- Coat of arms of Ireland
- Court: Supreme Court of Ireland
- Full case name: MR and DR v An t-Ard-Chláraitheoir [2014] IESC 60
- Decided: 7 November 2014
- Citation: https://ie.vlex.com/vid/r-v-an-tard-793962893 https://www.bailii.org/ie/cases/IESC/2014/S60.html#judge1

Case history
- Appealed from: The High Court
- Appealed to: The Supreme Court

Court membership
- Judges sitting: Denham C.J., Murray J., Hardiman J., O'Donnell Donal J., McKechnie J., Clarke J., MacMenamin J.

Case opinions
- The Court decided that only the birth mother can be on the birth certificate due to the Civil Registration Act of 2004. It was decided that the name of the birth mother, not the mother who will raise the child, will be on the birth certificate of a child born through surrogacy.
- Decision by: Denham C.J.

Keywords
- Surrogacy Supreme Court of Ireland Legislation Ireland Family Law

= MR and DR v An t-Ard-Chláraitheoir =

Supreme Court of Ireland case

MR and DR v An t-Ard-Chláraitheoir [2014] IESC 60, [2014] 3 IR 533 is a reported Irish Supreme Court case decision. The Court held that the Civil Registration Act 2004 only allows the birth mother to be on the birth certificate. It was decided that children born through surrogacy will have the name of their birth mother on their birth certificate and not the mother who is going to raise them.

== Background ==

R wanted her name to be on the birth certificate of the twins L carried to term for her by surrogacy. The registrar would not let this happen. R then went to the High Court to get an order from the court telling the registrar to change the birth certificate. R argued in the High Court that section 37 of the Status of Children Act meant that a person's genes decide whether or not they can be a mother. The registrar's case was based on a legal principle called "mater semper certa est," which means "the mother is certain" This is the idea that the mother of a child is the woman who gave birth to that child. The High Court sided with R, and the registrar filed an appeal.
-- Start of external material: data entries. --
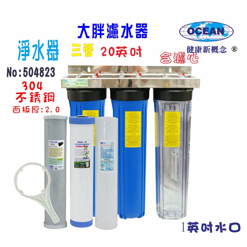 【巡航淨水】水塔過濾器地下水處理20英吋大胖三管304白鐵淨水器.除泥除雜質除氯除垢.地下水.水族養殖.貨號4823
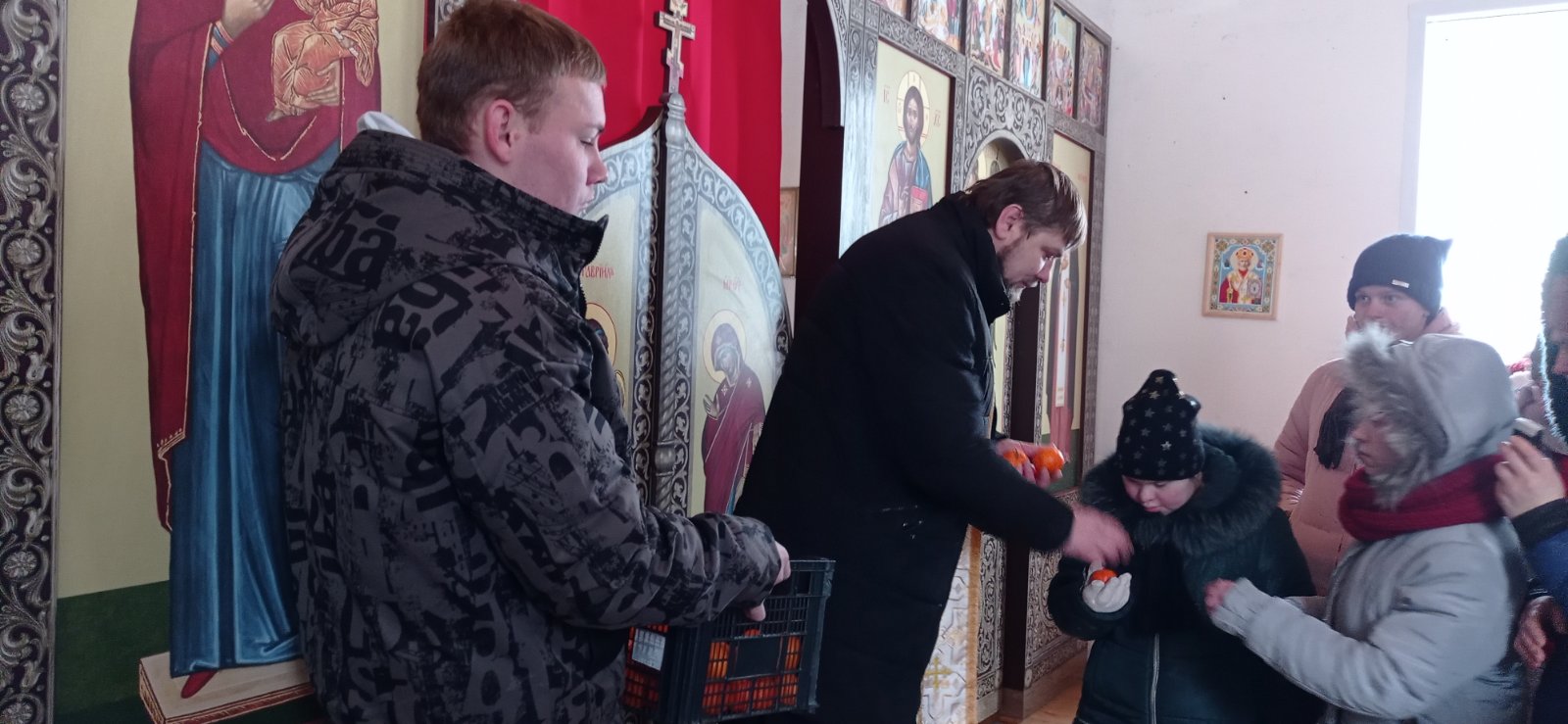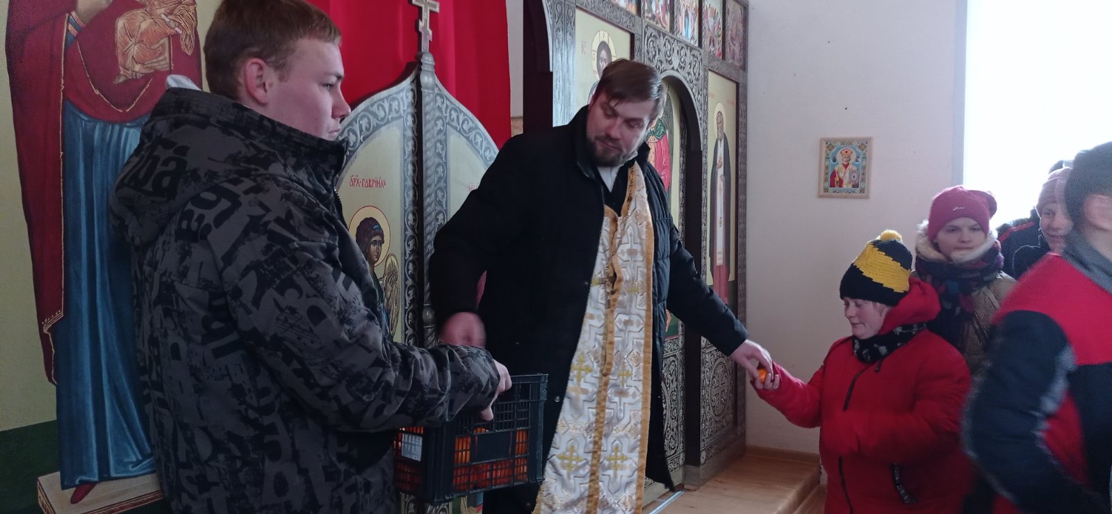 Сегодня в Богушевском доме-интернате в часовне в честь Святого Великомученика и Целителя Пантелеимона прошло рождественское Богослужение, в котором приняли участие все желающие воспитанники и сотрудники учреждения. Ведь так важно в новогодней суете остановиться и подумать о самом главном – о духовном. В песнопениях присутствующие радовались о рожденном Спасителе, а в воздухе храма витала надежда каждого на милость и благодать от Бога. Иерей Григорий храма Святых Апостолов Петра и Павла г.п.Богушевск провел молебен, и вместе с прихожанами храма угостили ребят ароматными мандаринами.
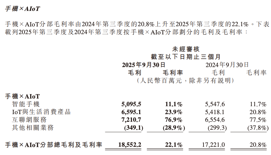 Take Xiaomi as an example. Although it is a smartphone manufacturer, its primary revenue comes from internet services. Financial reports show that in Q3 2025, Xiaomi's internet services had a gross profit margin of 76.9%, generating 7.211 billion RMB in gross profit—accounting for 38.87% of the total gross profit of the Mobile × AIoT division, far exceeding the smartphone business.
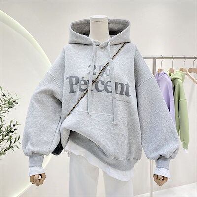 秋冬 流行り パーカー レディース oversizeゆったり百掛け フード付きパーカー プリント無地シンプル 百掛け スウェット 韓国ファッション トレーナー学生 可愛い長袖トップス
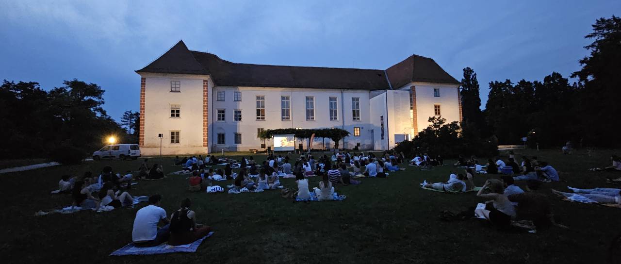 Obiskovalci so si na grajskem dvorišču ogledali film Gepack.

== Holding of the Supreme Court ==
The Court allowed the appeal, meaning that only birth mothers could be on the birth certificate. Denham CJ, allowing the appeal said that there is no definition of mother in the Irish Constitution, however there is also no prohibition on legislating surrogacy. Laws on surrogacy would affect the rights of children and their genetic parents. It would create complex relationships and it is beyond the means of the court to make a precedent for surrogacy rights. Laws on surrogacy should be dealt with in the Oireachtas.

=== Concurrences ===

==== O'Donnell J ====
The current legal position was fair because it made sense to say that the birth mother was the mother on the birth certificate. He went on to say that there might be legal issues if the birth mother was still listed as the mother after the baby was born. When the system doesn't regulate assisted reproduction, it doesn't recognize the existence of the genetic mother, which is important for the financial and personal life of the child's family.

He did, however, say that there is a gap in the law when it comes to surrogacy. He commented on the fact that, generations of children have been born in Ireland through assisted reproduction in a legal gray area where the only limits are the rules of the private market and the practitioners' sense of responsibility.

===== McKechnie J =====
R deserved to be acknowledged as the mother, but the law did not permit this. The Oireachtas is tasked with writing the laws, and the courts are tasked with applying the law.

==== Hardiman J ====
The need for surrogacy legislation was discussed in his opinion. The failure to enact new legislation in the field of assisted reproductive technology is significant because it has an intimate and personal effect on them (mothers and children), which makes law reform in this area necessary.

==== McMenamin J ====
In his ruling, McMenamin J pointed out that because science is always changing, the Legislature must keep up with new developments.

=== Dissent ===

==== Clarke J ====
In his opinion, the infant possessed traits from both the birth mother and the genetic mother. Without prejudicing the birth mother, he would have declared that R is the mother.

== Subsequent developments ==
According to Emily Logan, Chief Commissioner of the Irish Human Rights and Equality Commission, the issues this case raised highlights critical concerns of human rights and equality relating to assisted human reproduction that has a legal void in Ireland.

The Children and Family Relationships Act was enacted in 2015. Surrogacy was not included but assisted human reproduction was.

The Oireachtas introduced a Bill on assisted human reproduction in 2017. This Bill would be Ireland's first piece of legislation to regulate surrogacy in Ireland.